Martín Lossada, ingénieur pétrochimique et rédacteur SEO basé à Maracaibo, a finalement abandonné ce secteur en avril 2024 pour reprendre son métier d’opérateur dans un champ pétrolier. Il gagne environ 200 dollars de plus et travaille moins d’heures.
« Je suis heureux. Je peux m’éloigner de l’ordinateur après avoir écrit tous les jours pendant cinq ans, » confie-t-il.
Une situation emblématique d’un basculement global
Cette situation n’est pas propre au Venezuela. Environ 7,5 millions de jeunes travailleurs hautement qualifiés ont quitté le pays ces dernières années, un tiers d’entre eux vivant en Colombie. Beaucoup n’ont pas les documents nécessaires pour accéder à un emploi formel dans leur pays d’adoption, ce qui fait des emplois numériques l’un des rares moyens de gagner leur vie.
« Le travail d’annotation a été très attractif pour les migrants précisément parce qu’il était perçu comme ayant très peu de barrières d’accès, » souligne Maldonado.
Un porte-parole d’Upwork a déclaré que l’IA « donne du pouvoir » à de nouvelles formes de travail et aide les professionnels à travailler plus efficacement, tout en refusant de commenter la baisse des tarifs des freelances en Amérique latine. Fiverr n’a pas répondu à une demande de commentaire.
Un avenir incertain
Les travailleurs de données vénézuéliens savent que ces emplois pourraient un jour disparaître complètement – une possibilité qui angoisse Fuentes.
« Il pourrait arriver un moment où il n’y aura tout simplement plus de tâches, ce sera fini et oublié, » dit-elle. « Je pense que ce serait un cauchemar pour nous tous. »
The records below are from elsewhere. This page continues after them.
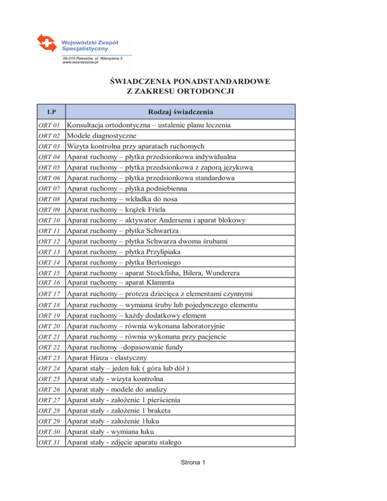 ŚWIADCZENIA PONADSTANDARDOWE Z ZAKRESU ORTODONCJI LP Rodzaj świadczenia ORT 16 Konsultacja ortodontyczna – ustalenie planu leczenia Modele diagnostyczne Wizyta kontrolna przy aparatach ruchomych Aparat ruchomy – płytka przedsionkowa indywidualna Aparat ruchomy – płytka przedsionkowa z zaporą językową Aparat ruchomy – płytka przedsionkowa standardowa Aparat ruchomy – płytka podniebienna Aparat ruchomy – wkładka do nosa Aparat ruchomy – krążek Friela Aparat ruchomy – aktywator Andersena i aparat blokowy Aparat ruchomy – płytka Schwartza Aparat ruchomy – płytka Schwarza dwoma śrubami Aparat ruchomy – płytka Przylipiaka Aparat ruchomy – płytka Bertoniego Aparat ruchomy – aparat Stockfisha, Bilera, Wunderera Aparat ruchomy – aparat Klammta ORT 17 Aparat ruchomy – proteza dziecięca z elementami czynnymi ORT 18 Aparat ruchomy – wymiana śruby lub pojedynczego elementu Aparat ruchomy – każdy dodatkowy element Aparat ruchomy – równia wykonana laboratoryjnie Aparat ruchomy – równia wykonana przy pacjencie Aparat ruchomy –dopasowanie fundy Aparat Hinza - elastyczny Aparat stały – jeden łuk ( góra lub dół ) Aparat stały - wizyta kontrolna Aparat stały - modele do analizy Aparat stały - założenie 1 pierścienia Aparat stały - założenie 1 braketa Aparat stały - założenie 1łuku Aparat stały - wymiana łuku Aparat stały - zdjęcie aparatu stałego ORT 01 ORT 02 ORT 03 ORT 04 ORT 05 ORT 06 ORT 07 ORT 08 ORT 09 ORT 10 ORT 11 ORT 12 ORT 13 ORT 14 ORT 15 ORT 19 ORT 20 ORT 21 ORT 22 ORT 23 ORT 24 ORT 25 ORT 26 ORT 27 ORT 28 ORT 29 ORT 30 ORT 31 Strona 1 ORT 32 ORT 33 ORT 34 ORT 35 ORT 36 ORT 37 ORT 38 ORT 39 ORT 40 Aparat stały - bihelix Aparat stały - retainer Aparat stały - orthorama Aparat stały - szyna nazębna Aparat stały – hyrax Aparat stały – aparat Nance’a Pudełko na aparat Szczoteczka do aparatów stałych Funda mandibulae Strona 2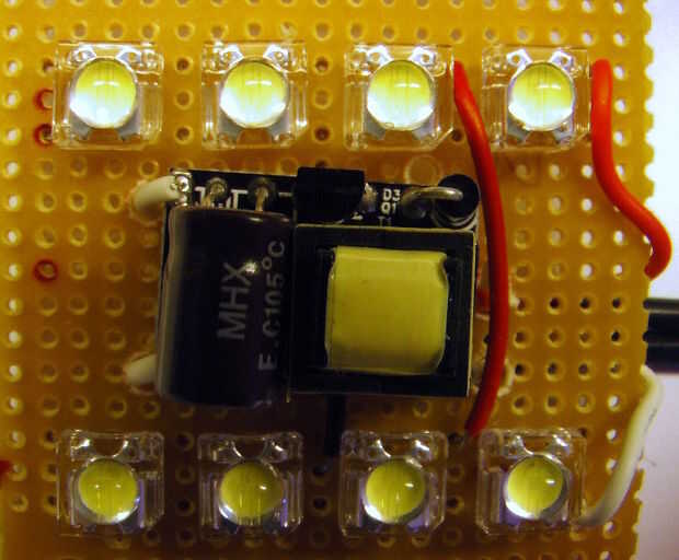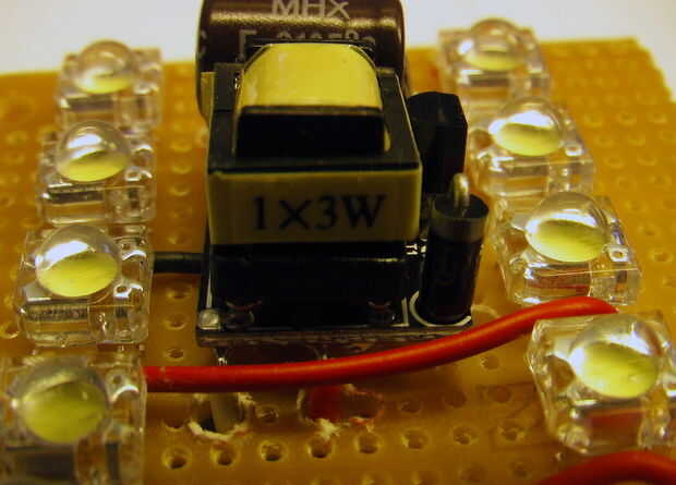 Aquí, he elegido un módulo de conversión diseñado para un solo LED de 3 vatios en sobre 700mA de energía, pero han unido a los LEDs de 8 x 100 miliamperios "Superflux" en paralelo, que me permite simplificar la dispersión de calor hundimiento y luz.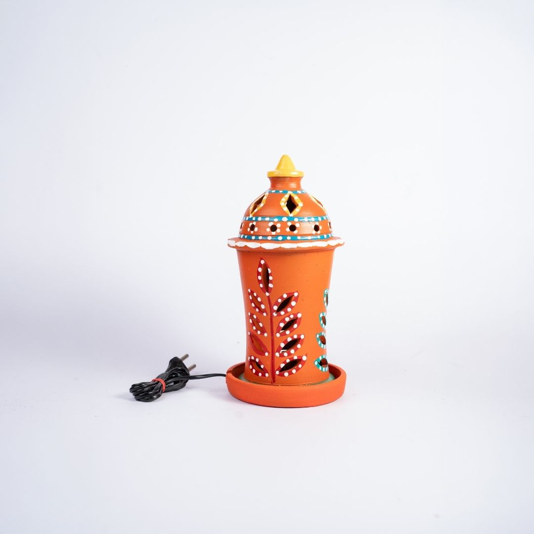 The true soul of the piece awakens when the internal bulb is lit. Light breathes through the hand-carved floral jaali (cutwork), casting dancing shadows and a soft, amber glow across your sanctuary. It is a heartfelt connection to a legacy of craftsmanship, filling your home with an authentic, human-made heartbeat.”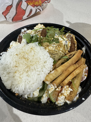 I’m used to a different type of tikka masala so IMO I didn’t really like the one here. It wasn’t very creamy, and very heavy on the tomatoes. I’m going to dr it up at home with some coconut milk. I also ordered the falafel rice bowl which I liked UNTIL I took a big bite of hummus. Idk what they use for hummus but it tasted like how barns on farms smell. I make hummus at home so again I’m used to something completely different. I would absolutely get the falafel bowl again it was very fresh and the falafels were tasty. But no hummus for me. Last thing I ordered was garlic naan. So good!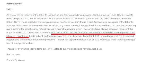 △比約克曼在發(fā)給自媒體播客節(jié)目“本周病毒學(xué)”的信中寫道,“我也許太天真了,沒想到這封信會(huì)被用來推廣‘實(shí)驗(yàn)室起源’假說”。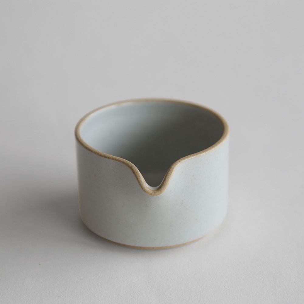 Brand : HASAMI PORCELAIN(ハサミポーセリン) Item : CREAMER(Gloss Gray) / HPM028 / ミルクピッチャー 「HASAMI PORCELAIN」(ハサミポーセリン)は伝統的な遺産を現代的なコンセプトでデザインした波佐見焼のテーブルウェアシリーズです。ディレクションはアメリカ西海岸に拠点を置くデザイナー、篠本拓宏さんによるもの。全てのアイテムが一定のモジュールに従ってサイズ設計されているので、スタッキングや入れ子にして収納が可能になっていたりと機能的にも優れています。 【サイズ】:φ85×H55mm 【材質】:半磁器 【生産地】:長崎県波佐見町 【お取り扱いについて】:電子レンジ:○ / 食洗機:○ / オーブン:× / 直火:× 日本有数の窯業の盛んな地、長崎県波佐見町。この地で約400年前の江戸時代につくられはじめた磁器は、当時から日本各地はもとより、長崎港を経てヨーロッパへも出荷されていました。早くから量産体制が整えられたため、日用の食器としての確かな質と価格を実現したことが知られています。豊かな伝統は、現代まで脈々と受け継がれ、HASAMI PORCELAINは、篠本拓宏(tortoise)のディレクションにより、こうした遺産を現代のコンセプトで革新するテーブルウェアとして生まれました。 HASAMI PORCELAIN(ハサミポーセリン)のアイテム一覧item:MILK PITCHER(Gloss Gray) / HPM028 price:2,000yen+tax brand:HASAMI PORCELAIN(ハサミポーセリン) derection:篠本拓宏(tortoise) 「HASAMI PORCELAIN」(ハサミポーセリン)は伝統的な遺産を現代的なコンセプトでデザインした波佐見焼のテーブルウェアシリーズです。ディレクションはアメリカ西海岸に拠点を置くデザイナー、篠本拓宏さんによるもの。全てのアイテムが一定のモジュールに従ってサイズ設計されているので、スタッキングや入れ子にして収納が可能になっていたりと機能的にも優れています。 SPEC サイズ φ85×H55mm 材質 半磁器 生産地 長崎県波佐見町 お取り扱いについて 電子レンジ:○ / 食洗機:○ / オーブン:× / 直火:× 波佐見から世界へ 日本有数の窯業の盛んな地、長崎県波佐見町。 この地で約400年前の江戸時代につくられはじめた磁器は、当時から日本各地はもとより、長崎港を経てヨーロッパへも出荷されていました。 早くから量産体制が整えられたため、日用の食器としての確かな質と価格を実現したことが知られています。豊かな伝統は、現代まで脈々と受け継がれ、HASAMI PORCELAIN(ハサミポーセリン)は、篠本拓宏(tortoise)のディレクションにより、こうした遺産を現代のコンセプトで革新するテーブルウェアとして生まれました。 アメリカで先行発売され人気となり、2011年に日本でも発売されて以来注目を集め、今ではスタンダードなテーブルウェアとして定着しています。 ミニマルで直線的なデザイン HASAMI PORCELAIN(ハサミポーセリン)のフォルムには、一切の装飾性がありません。日本の伝統的な形態の根本でもある、潔くすっきりとした直線。機能と製造工程の必然性から導かれた、意味のある曲線。シンプルな線のみで構成されたデザインは、いくつもの器が重なり合い、フォルムがリピートすることで、いっそう美しい調和をつくり出します。「HASAMI PORCELAIN」(ハサミポーセリン)の無駄のない佇まいには、生活のための道具にふさわしい普遍性が宿っているのを感じます。 半磁器ならではの心地よい質感 HASAMI PORCELAIN(ハサミポーセリン)の魅力は、器が手や口に触れたときの感覚にあります。半磁器ならではのシャープな輪郭は、陶器よりも引き締まった印象を与えつつ、一般的な磁器よりもやさしく有機的な触感が心地よく感じられます。独特の素材感から生まれるマットな風合いと落ち着いた色彩は、どんな食材とも自然に調和し、料理やドリンクを引き立ててくれます。素地には、天然の天草陶石を原料とした磁器土に、独自の比率で陶土を加えています。かつて波佐見で焼かれていた陶磁器のサンプルを再現し、素材本来の風合いを活かす釉薬を使用しています。 共通モジュールによる”重ねる器” HASAMI HASAMI PORCELAIN(ハサミポーセリン)の器のサイズは、8.5cm、14.5cm、18.5cm、22cm、25.5cm、30cmのモジュールに従って設計されています。マグカップ、ボウル、トレイなど個々のアイテムが共通の直径でデザインされているため、自由なスタッキングが可能で、収納時や運搬時も無駄がありません。ニーズに合わせてスタッキングできる仕組みや、異なるサイズの器が入れ子で収納できる機能性は、日本料理のための伝統的な漆器である重箱からインスピレーションを得ています。重箱と同じように、室内でもアウトドアでも、単体でもセットでも、幅広いシーンで自由に使うことができます。 ベーシックなカラーと豊富なサイズ展開 シンプルなフォルムとベーシックなカラー(ナチュラル、ブラック、グロスグレー)の器は料理を引き立ててくれます。まるで絵を描くように料理を盛り付けてお楽しみ頂けます。またサイズ展開が豊富ですので、あらゆる料理に対応したテーブルコーディネートが可能です。

Cette situation illustre un paradoxe fondamental de notre ère technologique : ceux qui ont contribué à construire l’infrastructure de l’IA sont les premiers à en subir les conséquences négatives. Alors que le monde célèbre les avancées de l’intelligence artificielle, ses « petites mains » invisibles luttent pour leur survie économique, victimes d’une révolution qu’ils ont eux-mêmes alimentée.